Letting Travis slide back down to the floor, Sam turned to the boys and said, “It’s gettin’ late. Time to get a move on. Wade, is it my imagination, or is that the same shirt you had on yesterday?” He frowned. “And the day before that?” At the kid’s sheepish shrug, Sam swallowed back a smile. “Go change before your teacher makes you sit outside, okay?”

The eight-year-old trooped off as, with a time-honed precision that was truly a thing of beauty, breakfast dishes were cleared, lunches distributed, assorted arms shoved into jacket or sweatshirt sleeves, and Sam felt a little of his hard-won peace return. Farming was a challenge, no doubt about it; raising six kids by himself even more so. But it was amazing how smoothly things could run—or at least, had run up until the Attack of the Killer Hormones—by simply establishing, and enforcing, some basic parameters, making sure everybody did their fair share.

As all the boys except Travis filed out to catch the school bus, Sam shifted his weight off his complaining leg, deciding there was no reason at all why the method that had stood him in good stead since Jeannie’s passing shouldn’t continue to do so. Not that it hadn’t been hard at first. Lord, he’d missed her so much those first few months he’d thought he’d go crazy, both with grief and unfulfilled longing. But the pain had passed, or at least dulled, as had the collective ineptitude. Jeannie hadn’t meant to make them all dependent on her, Sam knew that, but it had simply been in her nature to do for them. She hadn’t wanted anyone else messing in her kitchen; there was no reason for the kids, or Sam, for that matter, to remember where anything was because Jeannie had a photographic memory. But when she died, of a freak aneurism that nobody could’ve predicted, let alone prevented, and it became clear exactly how useless they all were in the house….

Well. Never again, was all Sam had to say. And now that everything was running more or less smoothly, he saw no need to go mucking it all up by introducing another human being into the mix. He’d had his one true love. Maybe it hadn’t lasted as long as he’d hoped, but there’d be no replacing Jeannie, and he had no intention of trying. No matter how much Libby thought otherwise.

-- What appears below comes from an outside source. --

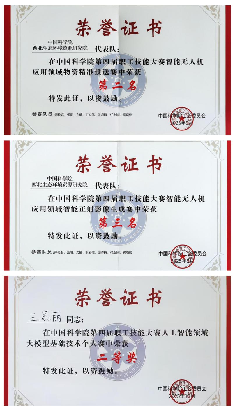 在西北研究院党委的高度重视与工会的精心组织下,科研团队积极响应、踊跃参赛。智能无人机应用领域,由黑河遥感试验研究站谭俊磊、亢健、张阳等6名选手组成的团队通过精准路径规划与动态负载调控,实现复杂环境下物资的稳定投送,依托自研靶标识别程序,显著提升正射影像数据处理效率,荣获了“物资精准投送”赛道全院第二名,“智能正射影像生成”赛道全院第三名和团队三等奖。在网信智能应用服务领域,国家冰川冻土沙漠科学数据中心团队将专业领域数据和服务能力与AI的强大分析推理能力结合,实现自然语言交互、数据智能分析和可视化展示,提升了数据中心的智能化服务水平,荣获了“MCP云服务”赛道三等奖。在人工智能领域,文献情报中心王思丽基于中国科学院 “磐石・科学基础大模型”,围绕人工智能基础理论、实操能力与知识融合推理能力展开角逐,荣获“大模型基础技术个人赛”二等奖。

No matter how bad the loneliness tried to suffocate him from time to time.

His daughter clomped past again, her midriff now covered, her makeup more in keeping with what Sam considered appropriate for a girl who didn’t turn fifteen for another month. He grabbed her again, this time to inflict a one-armed hug, which she patiently suffered for a moment or two before grabbing her backpack and sailing out the back door. Now alone in the kitchen, except for a dog or two and a cat who must’ve slipped inside when everybody left, he silently reassured his wits it was okay to come out of hiding.

Like his mother used to say, it was a great life if you didn’t weaken.

He found Travis in the living room, on his stomach in front of the TV, watching a faded Grover through a scrim of wiggly lines. One of these days he was gonna have to break down and get a satellite dish, he supposed, except he couldn’t work up a whole lot of enthusiasm for making TV even more appealing to a houseful of kids.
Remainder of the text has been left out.